Другие формулируют эту мысль иначе — борьба с дискриминациями каких-либо меньшинств не является первоочередной задачей и только лишь отвлекает левых от классовой борьбы. После того как победим главного врага — можно будет и задуматься о мелочах, все равно без устранения классовой структуры общества мы ничего не изменим.
Окончательное освобождение женщины от кухонного рабства, а мужчины от первобытной роли «добытчика и кормильца семьи» действительно невозможно без социального освобождения пролетариата. Но, в то же время, социальное освобождение пролетариата никогда не состоится при сохранении буржуазной семьи и гендерных ролей, направленных на бесконечное воспроизводство дискриминации и иерархии. «Дорогая, извини, я не могу помыть посуду. Мы с ребятами еще закончили делать революцию! Потерпи еще самую малость, как только мы добьем классовое неравенство, сразу же перейдем к гендерному. Я оставил носки на стуле, закинь их, пожалуйста, в машинку. Бегу на баррикады!». Попытка отделить антидискриминационную борьбу от классовой, по меньшей мере, не диалектична. И это касается всех форм угнетения. Освобождение пролетариата — это, в том числе, освобождение женщины, мигранта, гомосексуала, это снятие стигмы исключения с наркомана и преступника. Нельзя сначала освободить всех вместе, а потом каждого по отдельности. Безусловно, у пролетария нет нации. У него нет и гендера. «Сексуальной ориентации» у него нет и подавно. Все эти ярлыки навешивает класс угнетателей и он же стравливает между собой искусственно созданные им меньшинства. До тех пор пока мы будем искренне мыслить навязанными категориями, освобождение невозможно. Мы не должны присваивать себе или своим товарищам никаких идентичностей, кроме классовой и политической. В то же время, следует осознавать, что это за нас это обязательно сделает враг. Африканцу может быть безразличен его цвет кожи, нам может быть безразличен его цвет кожи, но он не будет безразличен расисту. Социальная борьба не должна сводиться к поощрению ложных идентичностей, но ее нельзя подменять отрицанием или замалчиванием факта дискриминации.

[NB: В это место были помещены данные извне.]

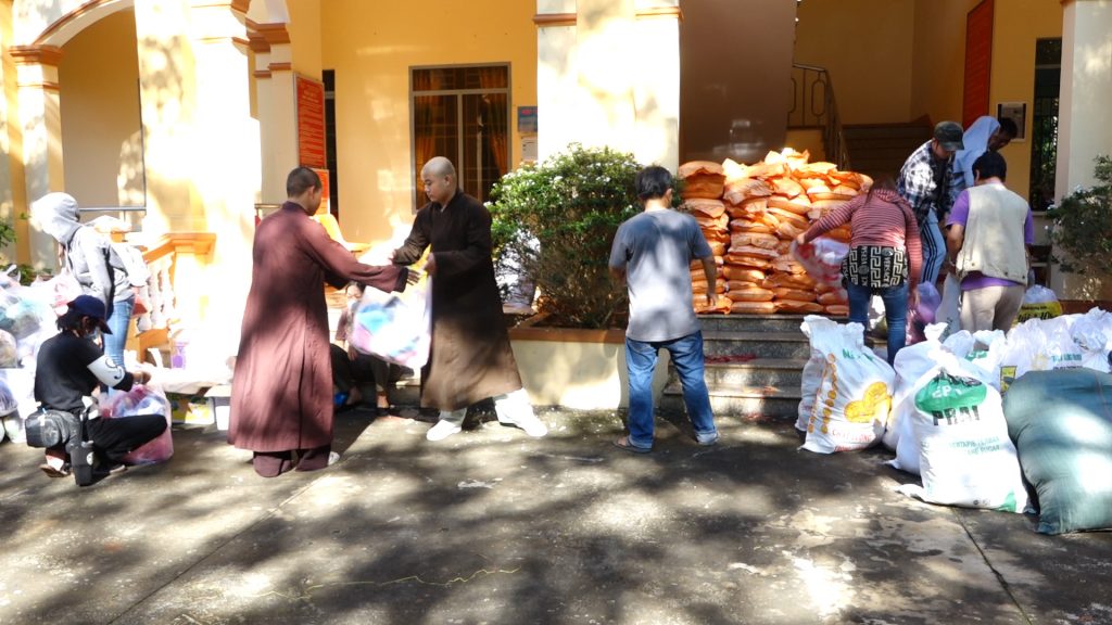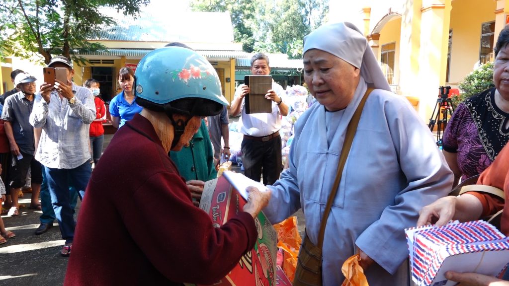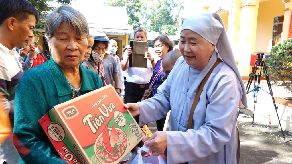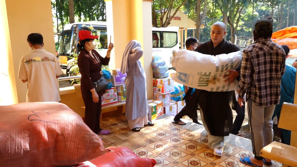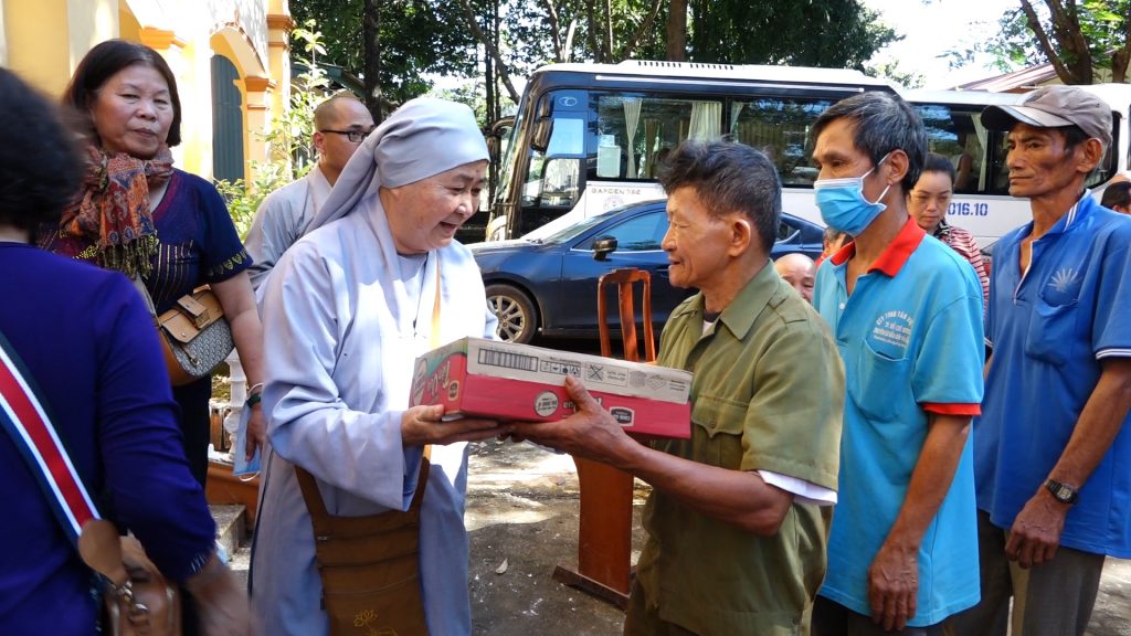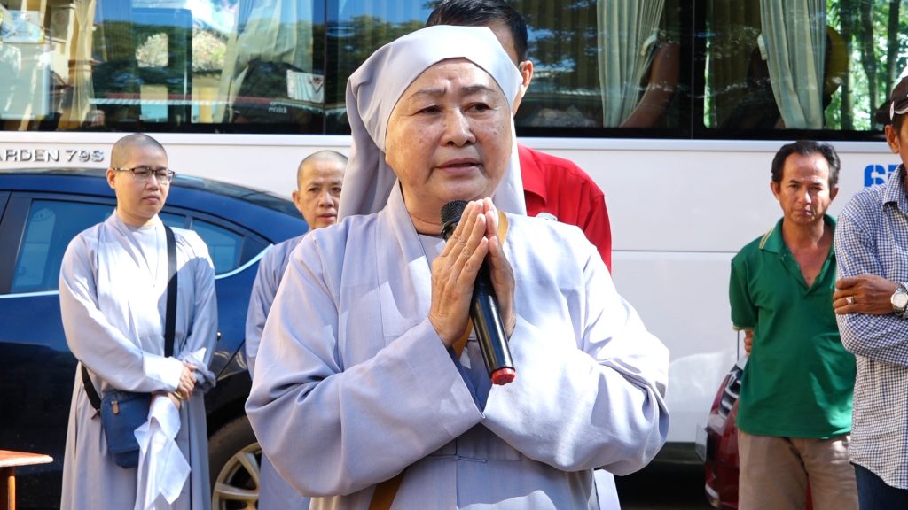 Tại buổi trao quà, NS. Thích Nữ Từ Tâm gửi lời thăm hỏi, động viên đồng bào nơi đây. Ni sư chúc bà con được nhiều sức khỏe, vượt qua khó khăn hiện tại và xây dựng cuộc sống ổn định, an vui.

Левые вполне могут и даже должны критиковать правый феминизм или либерально-буржуазную концепцию терпимости, которые притупляют боль, не устранив ее первопричину — надстройку псевдо-традиционных ценностей на капиталистическом базисе. Аналогичным образом социал-демократия временно заглушает спазмы классовой борьбы. Но ни один наркотик не действует вечно — в Венгрии, одной из стран Евросоюза, который так любят обвинять в «толерастии», к власти приходят ультраправые. В таких странах как Франция и Италия происходит варварская депортация ромов. Из Европы массово высылаются беженцы, часто на верную смерть. Критикуя социал-демократию, мы критикуем совсем не то, что атлантам не дают вволю расправить плечи. Мы критикуем тот факт, что классовый мир и благополучие пролетариата — карточный домик, который разрушится при дуновении настоящего кризиса. Вместе с тем, многие левые считают нормальным расправляться с «толерантностью», придерживаясь вполне консервативных позиций, ретранслируя правые мифы. Распоясавшиеся мигранты сожгли все машины и продали весь героин, женщины с небритыми ногами запретили все существительные мужского рода, по обезлюдевшим дымящимся улицам марширует гей-парад. На самом деле, единственный недостаток европейской толерантности в том, что ее не существует. Лживым попыткам примирения искусственных меньшинств со столь же искусственным большинством мы должны противопоставить тотальную деконструкцию всех ценностей буржуазного общества, от Родины и до семьи. Это хорошо понимали левые революционеры 19-го — начала 20-го века. Их требования были столь оскорбительны для современной им морали, что самым смелым из нас еще долго не удастся взять эту планку.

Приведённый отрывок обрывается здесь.